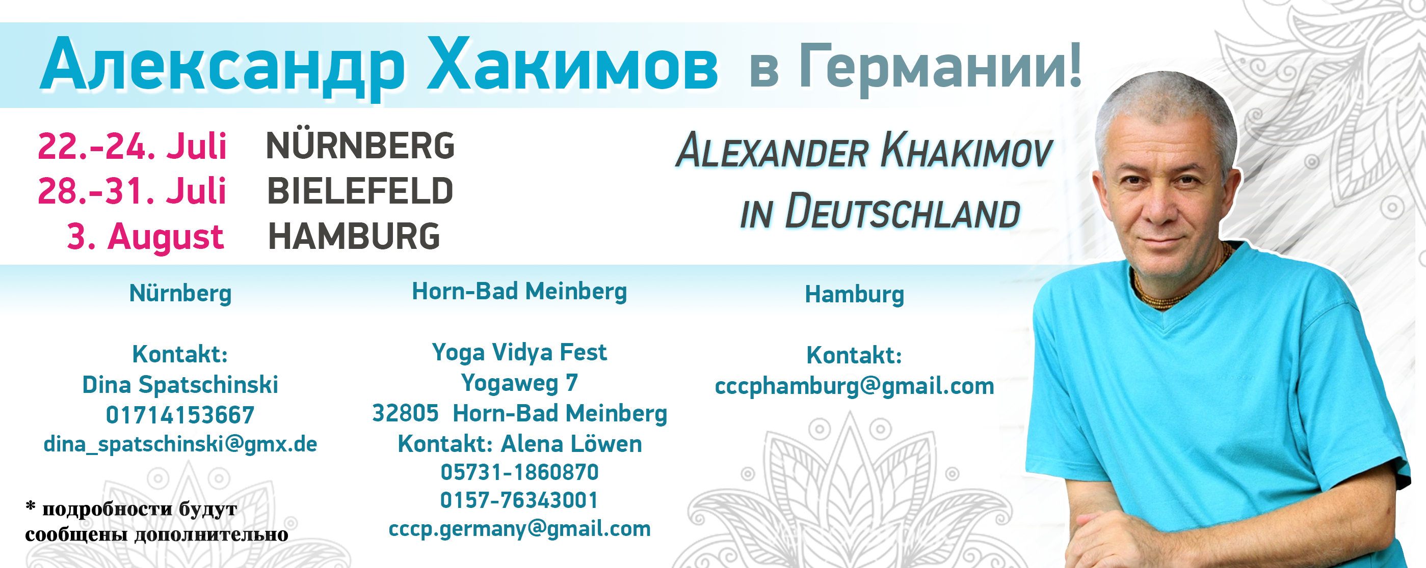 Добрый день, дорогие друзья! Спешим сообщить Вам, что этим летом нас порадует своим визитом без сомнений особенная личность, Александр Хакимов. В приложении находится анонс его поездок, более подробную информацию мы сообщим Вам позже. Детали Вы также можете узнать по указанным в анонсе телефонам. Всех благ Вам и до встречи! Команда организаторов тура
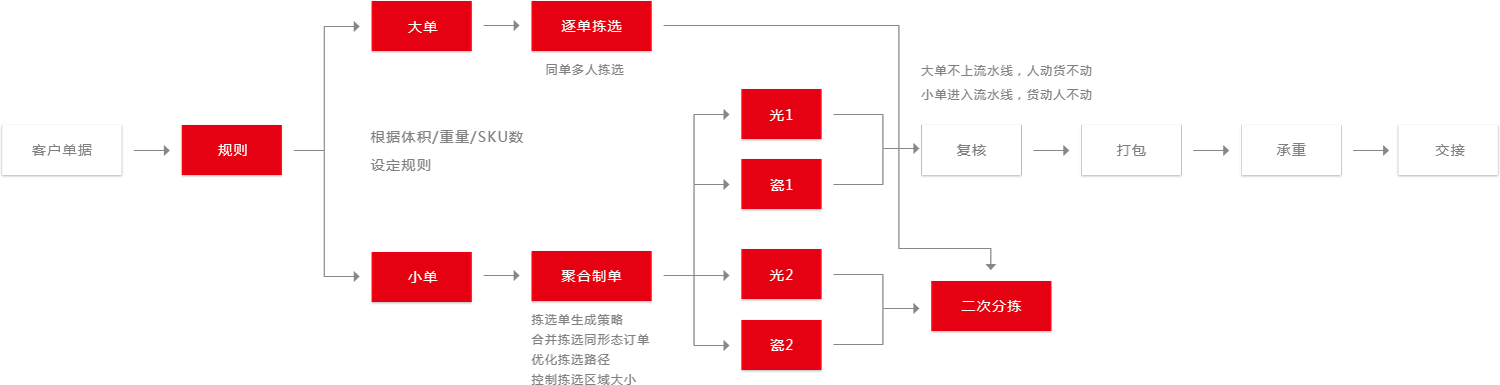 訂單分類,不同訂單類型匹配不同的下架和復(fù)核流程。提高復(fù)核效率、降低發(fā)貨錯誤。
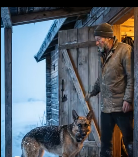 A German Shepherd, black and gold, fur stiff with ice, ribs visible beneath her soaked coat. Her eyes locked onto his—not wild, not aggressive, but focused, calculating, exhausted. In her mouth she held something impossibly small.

**Exercise aim**
The listing above is to be retyped word for word, with the pictures omitted.

**Exercise answer**
 Добрый день, дорогие друзья! Спешим сообщить Вам, что этим летом нас порадует своим визитом без сомнений особенная личность, Александр Хакимов. В приложении находится анонс его поездок, более подробную информацию мы сообщим Вам позже. Детали Вы также можете узнать по указанным в анонсе телефонам. Всех благ Вам и до встречи! Команда организаторов тура
 訂單分類,不同訂單類型匹配不同的下架和復(fù)核流程。提高復(fù)核效率、降低發(fā)貨錯誤。
 A German Shepherd, black and gold, fur stiff with ice, ribs visible beneath her soaked coat. Her eyes locked onto his—not wild, not aggressive, but focused, calculating, exhausted. In her mouth she held something impossibly small.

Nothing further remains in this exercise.